Yes did not think about that, been a long time since I was at a doctor
 
Vets have been pushing for this down here for years. Just another way to force you to use him AND double the price of the medication.
 
TexasBred":2iyjglra said:
Vets have been pushing for this down here for years. Just another way to force you to use him AND double the price of the medication.


The good lrg animal vets here do not want this TB . They are busy enough as it is and not enough of them . They want us to do as much as we can and learn from them when possible so we can take care of the little stuff and use them for the bigger stuff.
Small animal vets and crappy LA vets, well that is a whole other story :mad:
 
Problem is the use/overuse/abuse of non-therapeutic antibiotics by some- is going to make it tough for everyone else to get Ag antibiotics when they are really needed...

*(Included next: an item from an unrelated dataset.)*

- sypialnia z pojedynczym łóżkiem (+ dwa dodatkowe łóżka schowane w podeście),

The International medical community has been calling for stricter regulation for years- and lately have been joined by the US CDC, AMA, Union of Concerned Scientists (UCS) and several other medical and scientific groups... USDA has been doing much more testing of carcass's- and finding more violators of misuse (especially amongst dairy cattle) and FDA is now looking into the issue of nontherapeutic feeding/use- and I predict will be forced to put on more regulation...

Personally I like it the way it is- and use "all natural- no antibiotics/hormones" as a value added way of marketing cattle.....
 
We're already prescription only in NZ.
It adds costs to the farmers, takes up the vets time. If I think one of my animals needs a drug that isn't on my 'scrip, I have to call a vet out or go into the clinic and ask to speak to a vet... the receptionists are not allowed to hand anything over or give advice (I think some legal thing came out that receptionists were no longer allowed to give advice regardless of their own vet training). At the beginning of every year I have to make an appointment with the vet to discuss the antibiotic use ahead, there's another appointment made in the autumn specifically to discuss and authorise dry cow therapy.
I would hate to be a small scale farmer and have to comply with these rules. At least with the number of animals and experience I have it's not difficult to predict what the antibiotic needs for the year are likely to be.

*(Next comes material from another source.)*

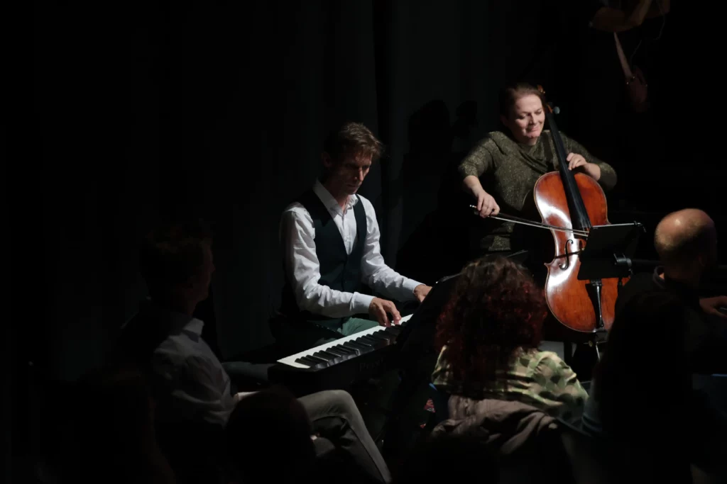Live-Musik: Herzglut – Joachim Claucig, Irene Frank, Angela Kiemayer (Klavier, Cello, Gesang)

We're almost the opposite regarding vet use - I often wish vets would just train up more technicians or allow farmers to handle more meds so that their time isn't taken up on routine vaccinations, preg testing, calf dehorning, weighing youngstock, and all sorts of things that really don't need four or six years university training and a top notch brain.
 
regolith":3lvcc54x said:
We're already prescription only in NZ.
It adds costs to the farmers, takes up the vets time. If I think one of my animals needs a drug that isn't on my 'scrip, I have to call a vet out or go into the clinic and ask to speak to a vet... the receptionists are not allowed to hand anything over or give advice (I think some legal thing came out that receptionists were no longer allowed to give advice regardless of their own vet training). At the beginning of every year I have to make an appointment with the vet to discuss the antibiotic use ahead, there's another appointment made in the autumn specifically to discuss and authorise dry cow therapy.
I would hate to be a small scale farmer and have to comply with these rules. At least with the number of animals and experience I have it's not difficult to predict what the antibiotic needs for the year are likely to be.

We're almost the opposite regarding vet use - I often wish vets would just train up more technicians or allow farmers to handle more meds so that their time isn't taken up on routine vaccinations, preg testing, calf dehorning, weighing youngstock, and all sorts of things that really don't need four or six years university training and a top notch brain.
Same rules apply in my country, leading to more expenses and work. On the other hand I think it helps a great deal against "bugs" getting resistant. Often there is no other cure if a person gets really ill and it is caused by multi resistant bacteria.